Judge the sentence in italics according to the criteria provided below:
“The United Kingdom took part in the first Gulf War against Iraq BECAUSE of the lack of civil liberties imposed on the Kurds by Saddam Hussein’s regime.”
a. The assertion and the reason are both correct, and the reason is valid.
b. The assertion and the reason are both correct, and the reason is invalid.
c. The assertion is correct but the reason is incorrect.
d. The assertion is incorrect, but the reason is correct.
e. Both the assertion and reason are incorrect
Writing good MCQs is difficult. One of the most difficult aspects is to come up with plausible distractors. Several psychometric experts (an exam is a psychometric test examining the knowledge and understanding of a knowledge domain) say that good exam writing technique uses a key and three distractors. I have seen MCQ tests with 10 or even 15 items to choose from. Many teachers argue that five items to choose from are better than four. Whatever number you decide on, when you do appropriate item analyses, something covered in my next article, you need to have the same number of distractors for every question in the exam.

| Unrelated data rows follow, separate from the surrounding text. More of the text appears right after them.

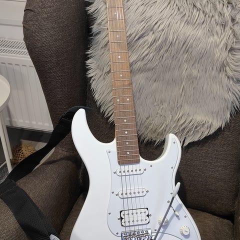 Uudenveroinen sähkökitara, viritin mukana sekä teline. Voin postittaa myös.
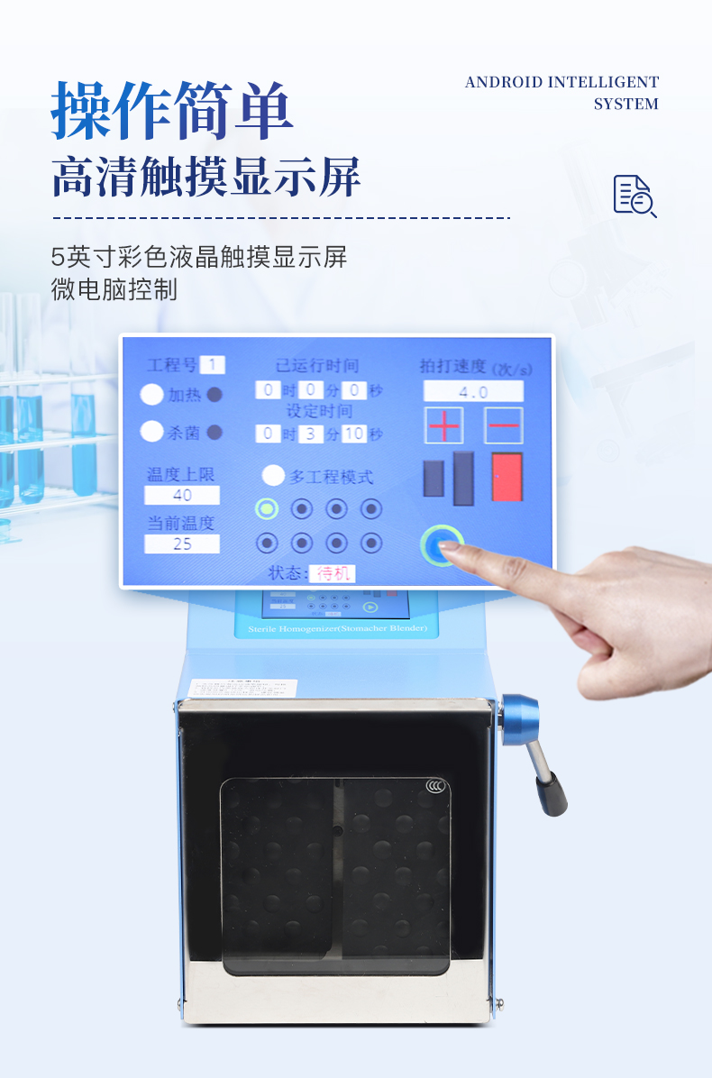 無菌均質(zhì)器使從固體樣品中提取細(xì)菌的過程變得非常簡單,只需將樣品和稀釋液加入到無菌的樣品袋中,然后將樣品袋放入拍擊式均質(zhì)器中即可完成樣品的處理。有效地分離被包含在固體樣品內(nèi)部和表面的微生物均一樣品,確保無菌袋中混合全部的樣品。處理后的樣品溶液可以直接進(jìn)行取樣和分析,沒有樣品的變化和交叉污染的危險(xiǎn)。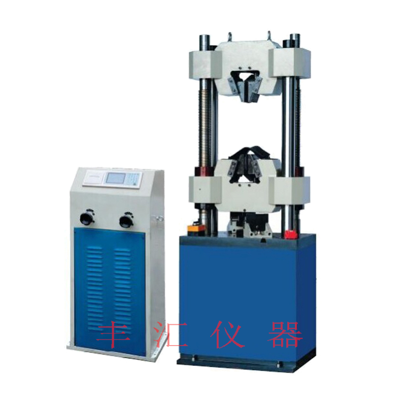 本机由四立柱双丝杠油缸下置式高强度主机及琴式油源控制柜组成,油泵采用意大利马祖奇进口低噪音高性能齿轮泵。拉伸空间位于主机上方,压缩、弯曲试验位于主机下方即中横梁和工作台之间。试验空间的调整通过移动中横梁来实现,中横梁升降采用链条传动。手动调整送油阀进油量来实现材料的拉伸、压缩、弯曲等试验。试验结束后自动采取材料的FM、REH、REL、RPO.2、RP1、RM和弹性模量E等实验结果。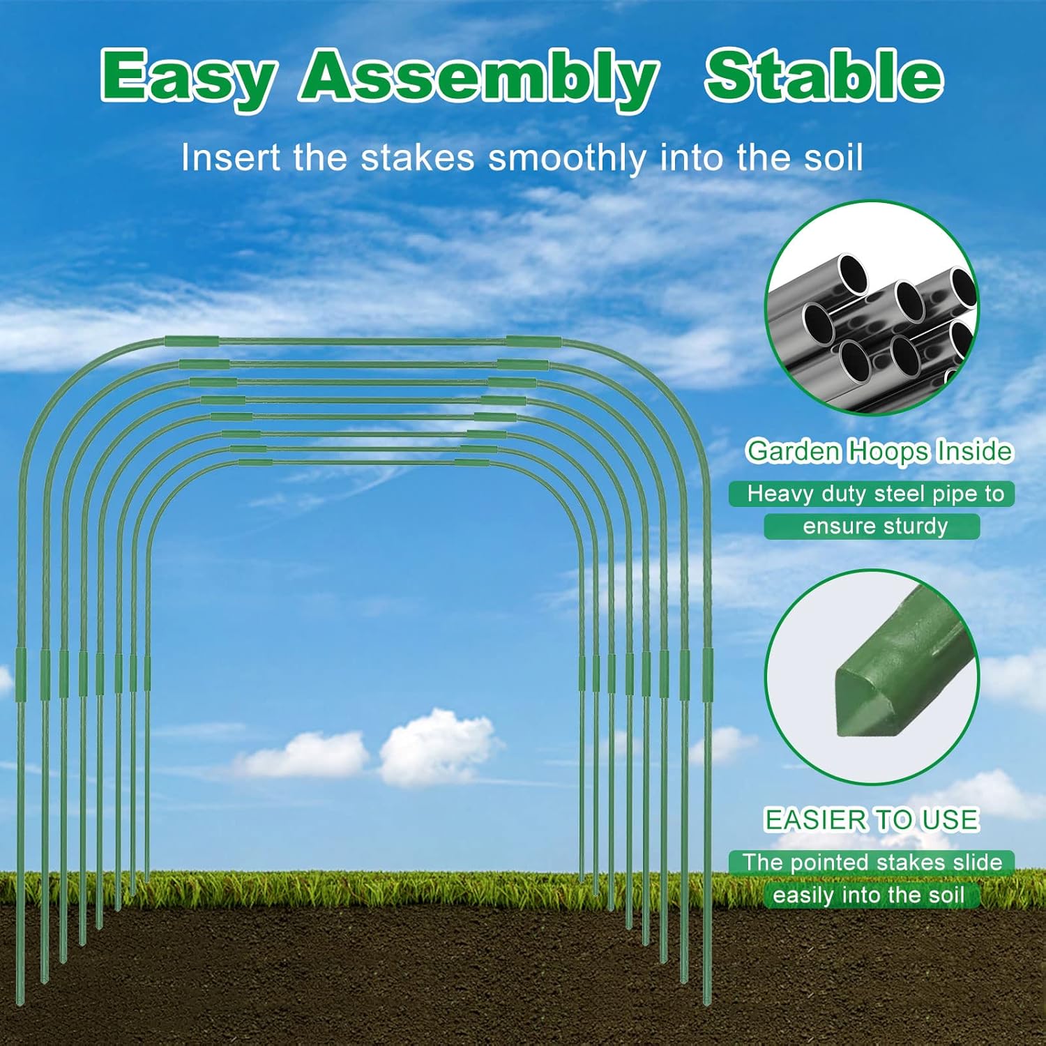 - 🌱【Easy to set up】 --DIY Greenhouse Hoops for Raised Beds Comes With sharpened points on both sides for ease of placement. Washable, Reusable, Flat for storage. Creates a favorable microclimate for your plants. Set up garden tunnel hoops is esay, you can installed less than 5 minutes.

As a rule of thumb, if you are asking straightforward questions, you should plan for the students to be able to answer one question per minute. I have seen instructors write both a 100 item MCQ to be taken in an hour or a 15 item MCQ for an hour-long test. In both cases they had thought they had judged about right and were happy with the short piece of guidance to plan for about a question per minute for straightforward tests.